When judging dressage tests at various levels, I’m always astounded by the amount of marks thrown away by riders who don’t ride a good halt. The halt is obviously a very important basic exercise and it’s also one of the hardest to ride correctly.
What the judge wants to see
· The horse should halt obediently when asked without running against the rider’s hand; a common fault which affects the whole movement.
· The halt should be balanced and smooth, not abrupt or too progressive.
· The horse’s poll should remain the highest point and he should remain quiet and steady on the rider’s contact.
· The halt should be ‘square’; that is to say with a leg at each corner and with the horse’s weight evenly distributed over all four legs and his hind legs underneath him.
· He should remain straight on the centre line and stand quietly until asked to move off.
· The horse should remain alert and ready for the instruction to step forward (or backward, depending on the exercise).
The key to a good halt lies in the contact. If the horse is not soft in the contact as he halts, he will not be straight or square; it’s just like riding into a brick wall and he will swing his quarters one way or the other instead of standing still and straight.
He might throw his head up and open his mouth against the contact or even step backwards away from it; both of which are serious faults.
Sometimes a horse might not be forward into the contact so he will carry his head very low or will hide behind the vertical. These are also serious faults but are usually more prevalent at the lower levels when young horses are still finding their balance.
Some horses just don’t like standing still; they’re just eager to get on with the job and are inclined to fidget. The dressage test requirements for halts at the beginning and end of the test are for riders to show ‘Halt. Immobility. Salute.’ It’s the immobility that’s often forgotten. There is also a trendy habit amongst riders at the moment to fling their arms around their horse’s neck and praise it effusively before the halt is even established, often leaving the arena waving at the crowd. Unfortunately, this will be penalised and you are just throwing marks away . Praise your horse by all means, but show a good halt first and salute the judge before you rush off to take the applause!
How to ride a good halt
A common mistake in riding the halt is to use too much backward hand.

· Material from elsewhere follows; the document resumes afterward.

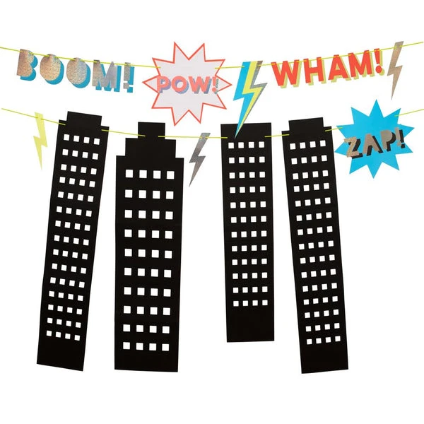 If you’re looking for a garland that really makes a statement, then you’ll love this! The attention to detail, bright colours and fun statements “Boom!, Pow, Wham! and Zap!”, will delight your party guests. 2 Pre-strung garlands Neon yellow cord for hanging Sparkly silver holographic foil details Made from eco-friendly paper Product dimensions:Garland length – 1.5m Measures 2.7m including excess cord Pack dimensions: 305 x 448 x 6mm

The horse should be ridden forward into a softly restraining contact, prepared for by riding a few half-halts and using the back, legs and seat first, followed by the hand. As the horse begins to halt, ease the hand so that the horse cannot run against the contact. Eventually, your horse will understand how to make downward transitions from your back, seat and leg aids with very little hand at all.
If the horse lacks engagement and is not working forward into an even contact from both hind legs, he won’t halt square. Make sure you use both legs equally too, as if you use one more than the other, the halt won’t be square. As you ride forward to the halt, make sure the horse’s neck is straight and that you have an even feel in both reins. Tap with your leg, or whip if need be, the side where the rein feels too heavy or empty; this should encourage the lazy leg to step under.
To help the horse keep his balance and stay straight, make sure that you are sitting straight, look up and ahead of you rather than down at your hands and exhale deeply as your horse halts.
There is always one halt in a dressage test and very often there are two or even three as you move up the levels. A good halt will earn you a mark of 8 or higher and is one of the easiest ways to pick up cheap marks if your horse is correctly trained at even the very basic levels.